То, о чём я расскажу дальше, всегда будет живо в моей памяти.
Бетховен пришёл ко мне часов в семь вечера. После того как мы поговорили о разных вещах, он спросил, как обстоит дело с арией. Она была готова, и я протянул ему листок. Он прочитал, забегал по комнате туда и сюда, начал бормотать и рычать вместо пения, как то было ему свойственно, — и ринулся к фортепиано. Ранее моя жена тщетно просила его сыграть что-нибудь. Сейчас же он поставил на пюпитр текст и начал чудесно фантазировать. К сожалению, никакими волшебными средствами я запечатлеть эти фантазии не мог. Казалось, что он выколдовывает из них тему арии. Проходили часы, а Бетховен продолжал фантазировать. Накрыли на стол, ибо он собирался с нами поужинать, однако он не позволил себя прервать. Лишь позднее он обнял меня и, отказавшись от трапезы, поспешил к себе домой. На другой день великолепная музыка была готова».
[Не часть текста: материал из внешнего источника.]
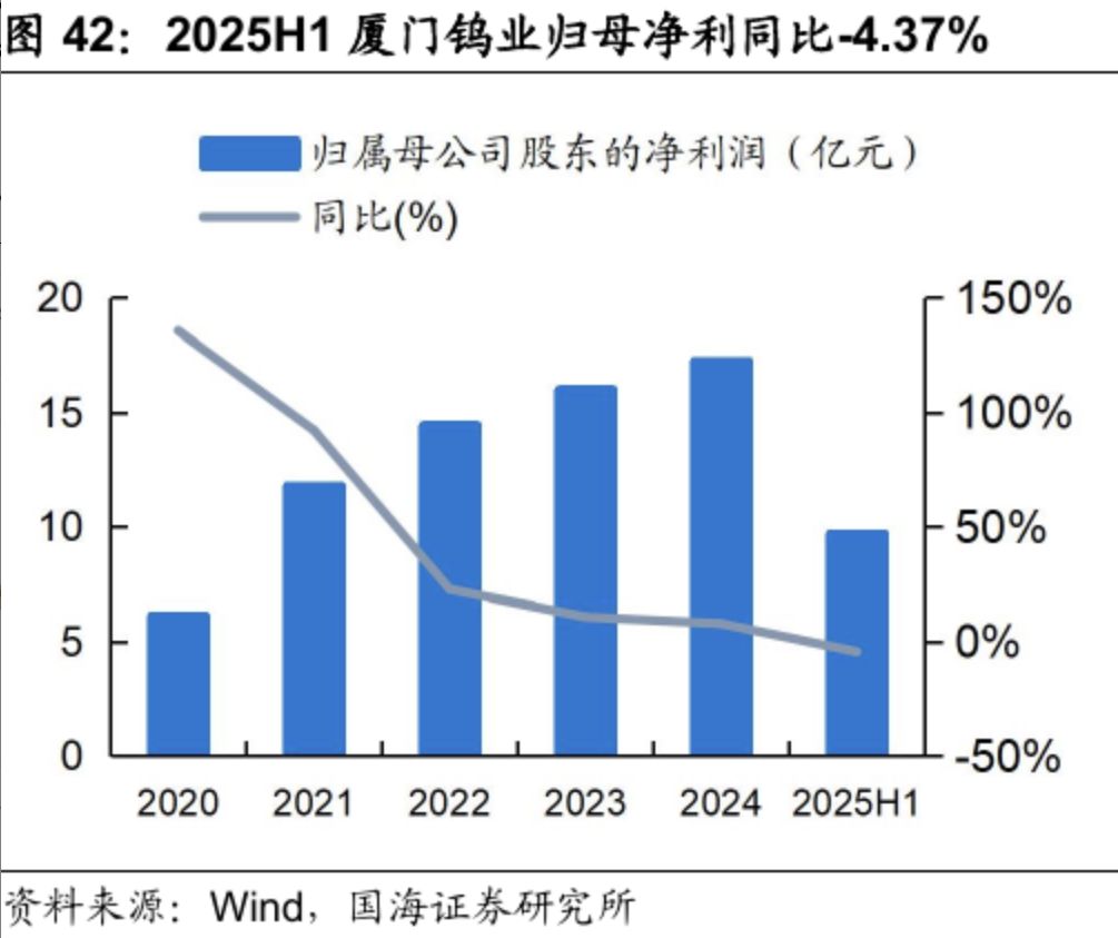 2025年上半年,公司实现营收191.78亿元,同比增加11.75%;利润总额16.9亿元,同比减少10.31%;实现归母净利润9.72亿元,同比减少4.41%;实现扣非归母净利润9.22亿元,同比增加7.45%。利润总额同比下降主要因上年同期公司完成成都滕王阁地产与成都滕王阁物业股权处置及金龙稀土冶炼分离业务处置,确认投资收益1.92亿元,本期无该事项;报告期内权属矿山公司洛阳豫鹭补缴从尾矿资源综合回收利用的钨精矿资源税事项0.63亿元;剔除上述影响,公司利润总额同比增长3.58%,归属于上市公司股东的净利润同比增长7.70%。

К «Фиделио» нужно было написать новую — уже четвёртую по счёту — увертюру. Прежние не подходили к начальному дуэту по тональности и по настроению, а к тому же Бетховен, наверное, помнил, как враждебно они были встречены критиками и коллегами, и больше так рисковать не хотел. Увертюра к «Фиделио» не должна была звучать громоздко, переусложнённо или слишком драматично. Но и совсем простой ей быть не следовало; слава Бетховена как величайшего симфониста обязывала ко многому.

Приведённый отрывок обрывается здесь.